Wednesday, August 17, 2011

Radical overhaul of military retirement eyed

No one gets rich in the military. In an all-volunteer force, the point is to serve your country. Of course military troops have to eat and have a roof over their heads so they get paid. Before we start looking to cut retirements (50 percent of the highest base pay received while on active duty), it might be a little illuminating to understand how little troops are paid in the first place.

Since the SEALs have been making the news, let's at the pay of an E-6, Petty Officer 1st Class (PO1). He had to have been in the Navy for at least three years in order to tryout for BUDs (25 weeks), this in addition to recruit training (8 weeks) and skills training (2-4 months). Some sailors such as medics will receive advance training of another 3-6 months depending on the school.

The physical requirements to be a SEAL are well documented. Consider this though, what would an Olympic caliber athlete, sharpshooter and parachutist earn? Using the 2011 pay charts and our example of a PO1, base pay would be $3,192. If he is married he gets another $888. He gets $250 extra for being on jump status plus $340 for dive status. A petty office 1st class SEAL then receives, for all of the training and skills, around $56,000 a year.

Compare the PO1 salary with Ryan Mundy who was a safety with the 2009-2010 Pittsburgh Steelers. He was one of the lowest paid Steelers an received $310,00 per year. A professional athlete, playing a game in which he certainly could be hurt but is not facing enemy fire is paid nearly six times what an elite Navy SEAL is paid.

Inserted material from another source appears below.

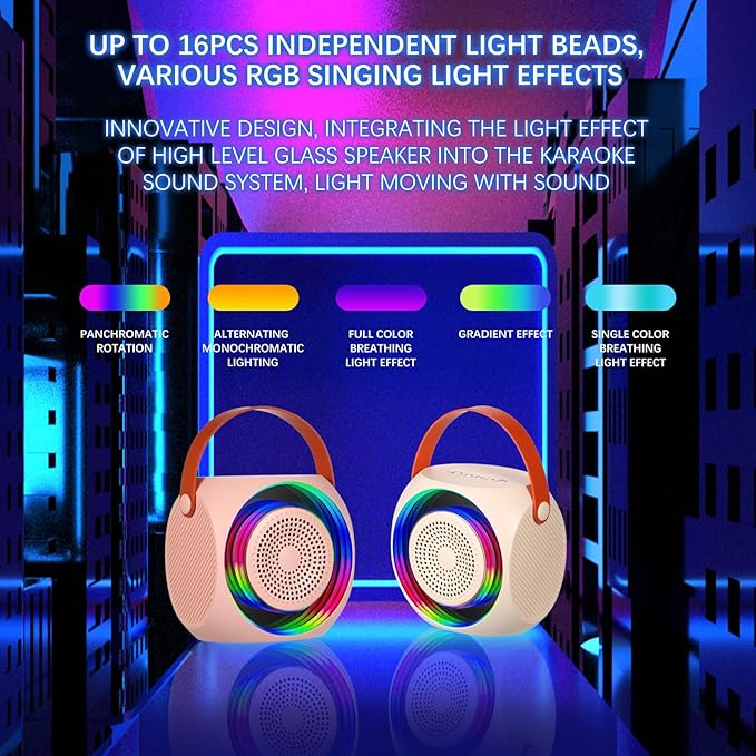 - An interesting sound box with RGB colorful lights, the lights are nice and bright but not dazzling, they are changing with music, and it has 6 lighting modes to switch from.

Unlike most professional athletes, SEALs are expected to have a 20 year career (it takes almost 10 years before a regular SEAL is ready for SEAL TEAM Six). How many professional athletes have a career that spans that long?

My example focused on a Navy SEAL that qualifies for the maximum in incentive pay. You basic troop at the same rank does not get jump or dive pay. Their annual salary is around $48,000 for defending their country.

Patriotism can overcome only so many injuries and separations from family and friends. Earning that military retirement (a guarantee for the military member and 55% for their spouse in the event of the retiree's death) is the one incentive that keeps troops training and re-enlisting when in other careers people would have left to write their memoirs.

The government and Pentagon needs to leave the retirement alone, otherwise they can forget about retaining troops past their first or second enlistment. If they go to a 401K type system, the government will still end up spending money in increasingly larger signing bonuses and other incentives to keep troops in. Come on Leon, you can do better than this.